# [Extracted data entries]
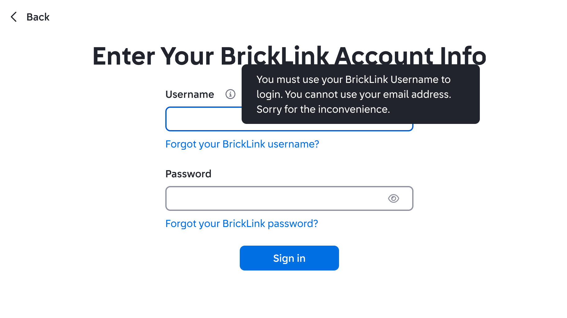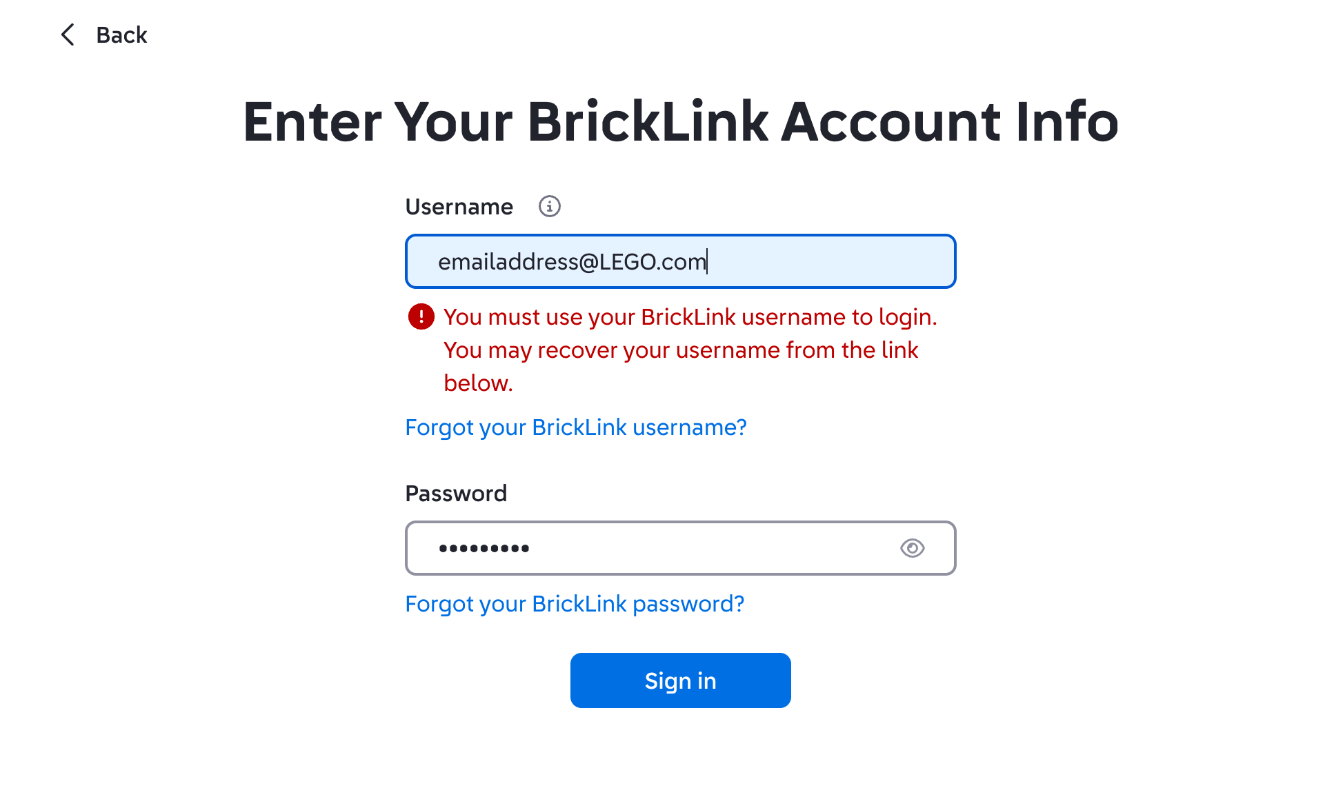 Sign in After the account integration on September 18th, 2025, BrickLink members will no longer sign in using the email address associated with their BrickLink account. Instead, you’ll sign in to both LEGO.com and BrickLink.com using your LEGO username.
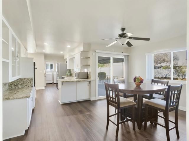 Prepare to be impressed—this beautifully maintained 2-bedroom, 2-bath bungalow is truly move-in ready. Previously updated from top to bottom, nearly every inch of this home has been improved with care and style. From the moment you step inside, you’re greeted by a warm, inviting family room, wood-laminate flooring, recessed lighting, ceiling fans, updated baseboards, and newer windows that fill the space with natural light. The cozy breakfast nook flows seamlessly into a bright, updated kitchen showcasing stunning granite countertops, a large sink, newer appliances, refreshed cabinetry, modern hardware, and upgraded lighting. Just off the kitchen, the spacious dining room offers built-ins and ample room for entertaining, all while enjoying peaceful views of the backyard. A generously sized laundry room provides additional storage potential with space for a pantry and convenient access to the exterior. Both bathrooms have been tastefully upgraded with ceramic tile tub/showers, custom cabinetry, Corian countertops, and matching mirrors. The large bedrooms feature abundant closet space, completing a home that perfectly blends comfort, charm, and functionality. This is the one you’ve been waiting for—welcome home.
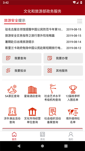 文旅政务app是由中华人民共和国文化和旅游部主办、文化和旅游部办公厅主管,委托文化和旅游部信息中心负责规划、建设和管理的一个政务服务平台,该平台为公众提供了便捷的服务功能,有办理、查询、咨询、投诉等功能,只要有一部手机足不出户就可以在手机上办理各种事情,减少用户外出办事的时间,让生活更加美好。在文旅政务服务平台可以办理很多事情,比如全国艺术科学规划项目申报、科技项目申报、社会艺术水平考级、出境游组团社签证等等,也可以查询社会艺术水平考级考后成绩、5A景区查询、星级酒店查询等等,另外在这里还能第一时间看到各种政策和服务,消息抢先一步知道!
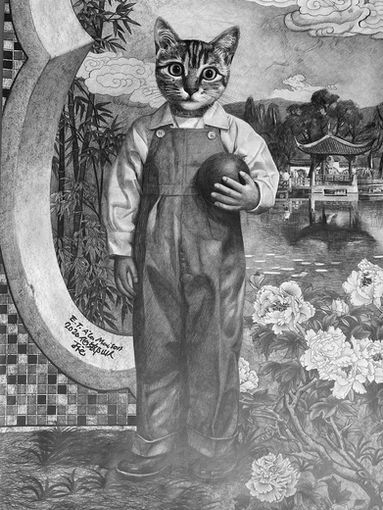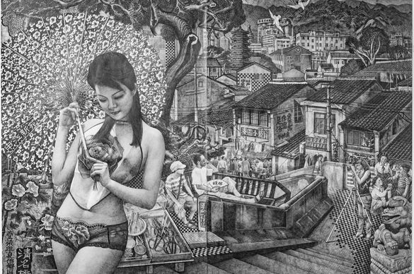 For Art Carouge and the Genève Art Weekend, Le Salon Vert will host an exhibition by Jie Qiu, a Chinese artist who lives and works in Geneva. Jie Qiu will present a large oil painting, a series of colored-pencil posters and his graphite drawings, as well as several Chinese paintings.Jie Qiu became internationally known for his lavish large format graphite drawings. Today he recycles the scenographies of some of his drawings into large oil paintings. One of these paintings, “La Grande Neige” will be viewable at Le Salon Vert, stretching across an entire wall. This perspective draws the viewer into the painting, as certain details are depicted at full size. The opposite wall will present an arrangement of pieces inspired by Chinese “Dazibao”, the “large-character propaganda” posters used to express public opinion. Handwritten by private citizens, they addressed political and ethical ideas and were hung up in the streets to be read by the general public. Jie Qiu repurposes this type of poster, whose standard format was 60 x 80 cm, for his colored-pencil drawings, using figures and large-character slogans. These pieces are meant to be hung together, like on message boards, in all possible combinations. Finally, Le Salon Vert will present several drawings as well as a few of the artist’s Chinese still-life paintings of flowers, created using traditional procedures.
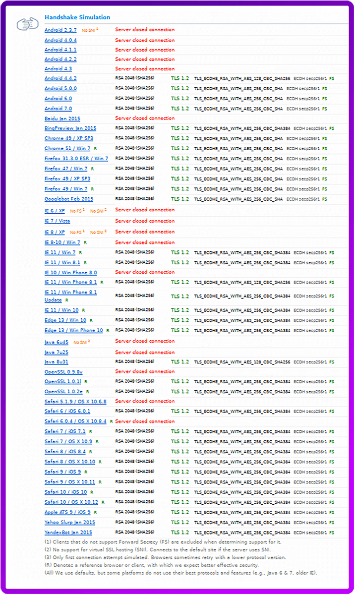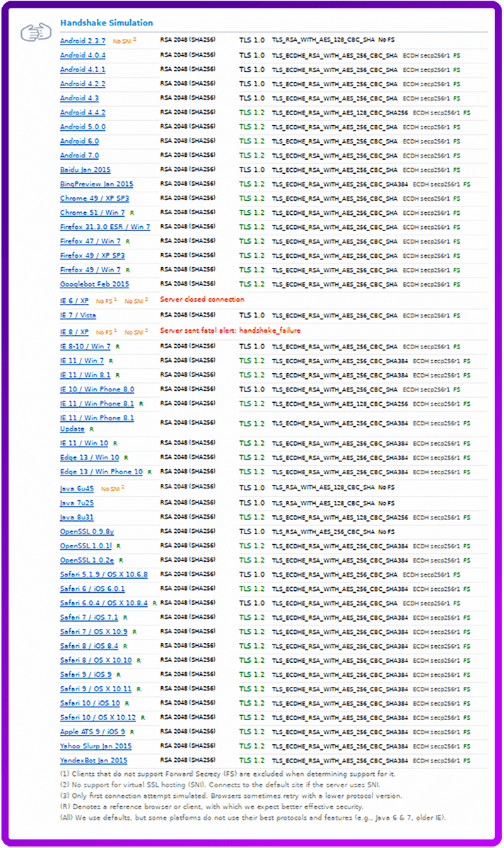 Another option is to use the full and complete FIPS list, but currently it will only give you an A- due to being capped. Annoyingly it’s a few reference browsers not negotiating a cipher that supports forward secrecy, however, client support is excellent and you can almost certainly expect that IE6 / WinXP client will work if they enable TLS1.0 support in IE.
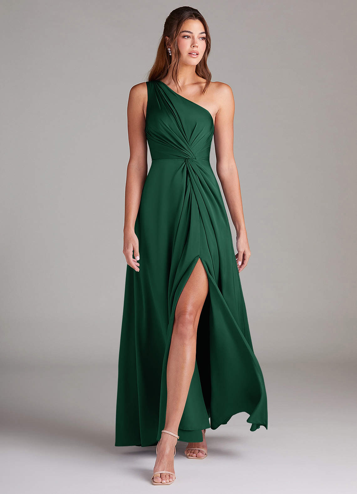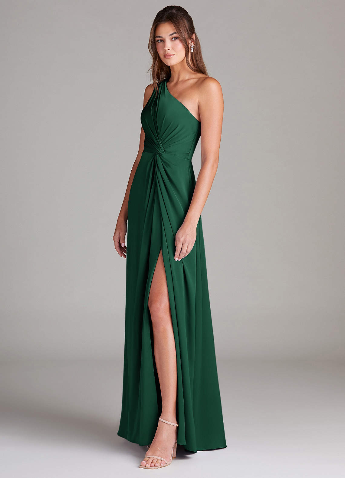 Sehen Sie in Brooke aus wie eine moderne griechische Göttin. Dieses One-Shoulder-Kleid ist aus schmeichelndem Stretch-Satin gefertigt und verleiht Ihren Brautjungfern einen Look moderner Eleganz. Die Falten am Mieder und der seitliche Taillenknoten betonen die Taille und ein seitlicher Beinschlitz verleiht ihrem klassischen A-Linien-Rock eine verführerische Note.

# [Assignment]
Return every line above word for word, minus images.

# [Completed exercise]
 Sign in After the account integration on September 18th, 2025, BrickLink members will no longer sign in using the email address associated with their BrickLink account. Instead, you’ll sign in to both LEGO.com and BrickLink.com using your LEGO username.
 Prepare to be impressed—this beautifully maintained 2-bedroom, 2-bath bungalow is truly move-in ready. Previously updated from top to bottom, nearly every inch of this home has been improved with care and style. From the moment you step inside, you’re greeted by a warm, inviting family room, wood-laminate flooring, recessed lighting, ceiling fans, updated baseboards, and newer windows that fill the space with natural light. The cozy breakfast nook flows seamlessly into a bright, updated kitchen showcasing stunning granite countertops, a large sink, newer appliances, refreshed cabinetry, modern hardware, and upgraded lighting. Just off the kitchen, the spacious dining room offers built-ins and ample room for entertaining, all while enjoying peaceful views of the backyard. A generously sized laundry room provides additional storage potential with space for a pantry and convenient access to the exterior. Both bathrooms have been tastefully upgraded with ceramic tile tub/showers, custom cabinetry, Corian countertops, and matching mirrors. The large bedrooms feature abundant closet space, completing a home that perfectly blends comfort, charm, and functionality. This is the one you’ve been waiting for—welcome home.
 文旅政务app是由中华人民共和国文化和旅游部主办、文化和旅游部办公厅主管,委托文化和旅游部信息中心负责规划、建设和管理的一个政务服务平台,该平台为公众提供了便捷的服务功能,有办理、查询、咨询、投诉等功能,只要有一部手机足不出户就可以在手机上办理各种事情,减少用户外出办事的时间,让生活更加美好。在文旅政务服务平台可以办理很多事情,比如全国艺术科学规划项目申报、科技项目申报、社会艺术水平考级、出境游组团社签证等等,也可以查询社会艺术水平考级考后成绩、5A景区查询、星级酒店查询等等,另外在这里还能第一时间看到各种政策和服务,消息抢先一步知道!
 For Art Carouge and the Genève Art Weekend, Le Salon Vert will host an exhibition by Jie Qiu, a Chinese artist who lives and works in Geneva. Jie Qiu will present a large oil painting, a series of colored-pencil posters and his graphite drawings, as well as several Chinese paintings.Jie Qiu became internationally known for his lavish large format graphite drawings. Today he recycles the scenographies of some of his drawings into large oil paintings. One of these paintings, “La Grande Neige” will be viewable at Le Salon Vert, stretching across an entire wall. This perspective draws the viewer into the painting, as certain details are depicted at full size. The opposite wall will present an arrangement of pieces inspired by Chinese “Dazibao”, the “large-character propaganda” posters used to express public opinion. Handwritten by private citizens, they addressed political and ethical ideas and were hung up in the streets to be read by the general public. Jie Qiu repurposes this type of poster, whose standard format was 60 x 80 cm, for his colored-pencil drawings, using figures and large-character slogans. These pieces are meant to be hung together, like on message boards, in all possible combinations. Finally, Le Salon Vert will present several drawings as well as a few of the artist’s Chinese still-life paintings of flowers, created using traditional procedures.
 Another option is to use the full and complete FIPS list, but currently it will only give you an A- due to being capped. Annoyingly it’s a few reference browsers not negotiating a cipher that supports forward secrecy, however, client support is excellent and you can almost certainly expect that IE6 / WinXP client will work if they enable TLS1.0 support in IE.
 Sehen Sie in Brooke aus wie eine moderne griechische Göttin. Dieses One-Shoulder-Kleid ist aus schmeichelndem Stretch-Satin gefertigt und verleiht Ihren Brautjungfern einen Look moderner Eleganz. Die Falten am Mieder und der seitliche Taillenknoten betonen die Taille und ein seitlicher Beinschlitz verleiht ihrem klassischen A-Linien-Rock eine verführerische Note.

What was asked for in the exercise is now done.